Gnosticism represents for Camus a kind of misfire, an failed attempt to combine Christianity and
Hellenism by solving Christian problems of salvation using Greek formulas of knowledge. Plotinus, on
the other hand, prepares the way for Augustine's fusion of Hellenism and Christianity by softening
Hellenic reason, shifting it from the stark lucidity of the principle of non-contradiction to the mediating
power of the concept of participation. This relaxation of the harsh light of reason, making room for an
emotional desire for God to be cast in Greek logical forms, is also essential to the Athanasian doctrine
of the Trinity as Camus understands it.

Then comes Augustine, like an Algerian from Camus' lyrical essays, "highly passionate, sensual. .
. Greek in his need for coherence, Christian in the anxieties of his sensitivities" (p. 116f). His concept
of the intelligible Word is thoroughly Plotinian, but the union of Word with flesh in the Incarnation is of
course miraculous, contradictory, a sheer fact of history--in a word, Christian (p. 126). Moreover,
Augustine makes a dogma of the Christian sense of faith as emotional dependence, giving us the
doctrines of original sin and an arbitrary, predestined grace. Ever afterward, the term "grace," with its
overtones of human inadequacy, humiliation and dependence on God, sums up everything Camus finds
objectionable in Christianity.

A long translator's introduction sets this early work in the context of Camus' oeuvre, particularly
The Myth of Sisyphus and The Rebel. It offers an alternative to the interpretation of Joseph McBride,
whose book Albert Camus: Philosopher and Littérateur (1992) includes the only previous English
translation of the text. McBride's Camus is more familiar--the atheist whom Christians love, because
his philosophy of the absurd rests on the longing for an ultimate intelligibility that is missing from the
world only because God does not exist. Srigley's Camus is more Nietzschean, less captive to nostalgia
for Christianity, looking to the ancient Greeks as an alternative both to Christianity and to its offspring,
modernity. The incoherences of Camus' immature scholarship lend support to both views, but in the
end a Nietzschean interpretation seems a better fit.
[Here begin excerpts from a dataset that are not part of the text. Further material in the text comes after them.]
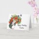 O ouriço branco com grande buquê de papoilas e margaridas, e borboletas azuis trazem desejos de aniversário... Texto personalizável para uma mensagem verdadeiramente personalizada
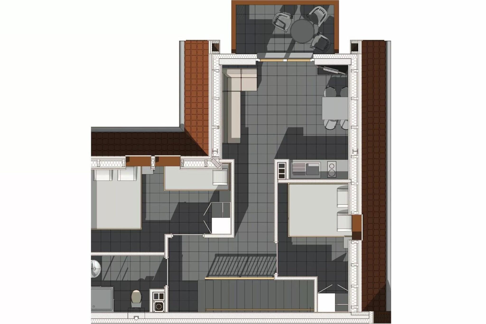 På 1. etage: (åbent køkken(kogeplade(Komfur med to kogeplader, elektrisk), elkedel, kaffemaskine, opvaskemaskine , køle-fryseskab), stue / spisestue(dobbeltsovesofa, Fjernsyn(fladskærm, Tyske TV-kanaler), spisebord(5 personer)), soveværelse(enkeltseng, dobbeltseng), soveværelse(enkeltseng, enkeltseng), badeværelse(bruser, håndvask, toilet, føntørrer)) Reception, Internetadgang, Legeområde, Græsplæne, vaskemaskine(deles med andre gæster, betalt), balkon, varme(central, gulvvarme), have(deles med andre gæster, indhegnet, 3000 m2), havemøbler, solstole, grill(trækul), parkering, trampolin(deles med andre gæster), Parasol, sandkasse(deles med andre gæster), rutsjebane(deles med andre gæster), bordtennisbord(deles med andre gæster), bordfodbold(deles med andre gæster), fitnessapparater(deles med andre gæster), barnestol, strygebræt, strygejern, Gyngestativ, baby crib(free)
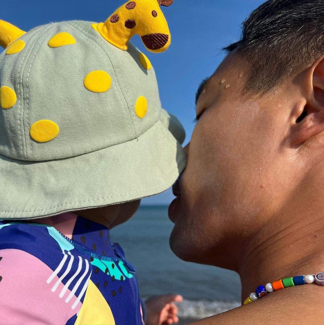 楊祐寧20日開車載著老婆、小孩出外遊玩,他還在IG上開心地曬出帶女兒到海邊踏浪的照片,只見當時天氣非常好,女兒戴著果綠色的圓點漁夫帽,上面還有長頸鹿的角,相當可愛!而她專注的看著遠方的海,楊祐寧則是滿頭大汗並抱著女兒,甚至捨不得把眼神從女兒臉上離開,感覺得出來完全是個女兒傻瓜!
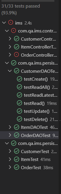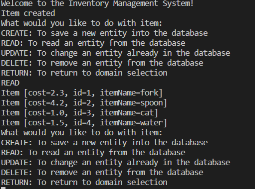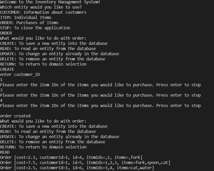 The brief for this project was to design and produce an application that an end user can interact with via a CLI. The application needed to be an inventory management system that can carry out the following functions: • Add a customer to the system • View all customers in the system • Update a customer in the system • Delete a customer in the system. • Add an item to the system • View all items in the system • Update an item in the system • Delete an item in the system • Create an order in the system. • View all orders in the system. • Delete an order in the system • Add an item to an order. • Calculate a cost for an order. • Delete an item in an order

Young Camus clearly does not like the murky
emotional dependence he sees in Christian faith and grace; its only attraction is the promise of a
solution for the problem of death, which he evidently treats, already in this text, as a temptation to be
resisted in the name of lucidity. In his concluding portrait of Augustine, his fellow Algerian converted
to a new faith, he sums up all the emotional and metaphysical power he rejects.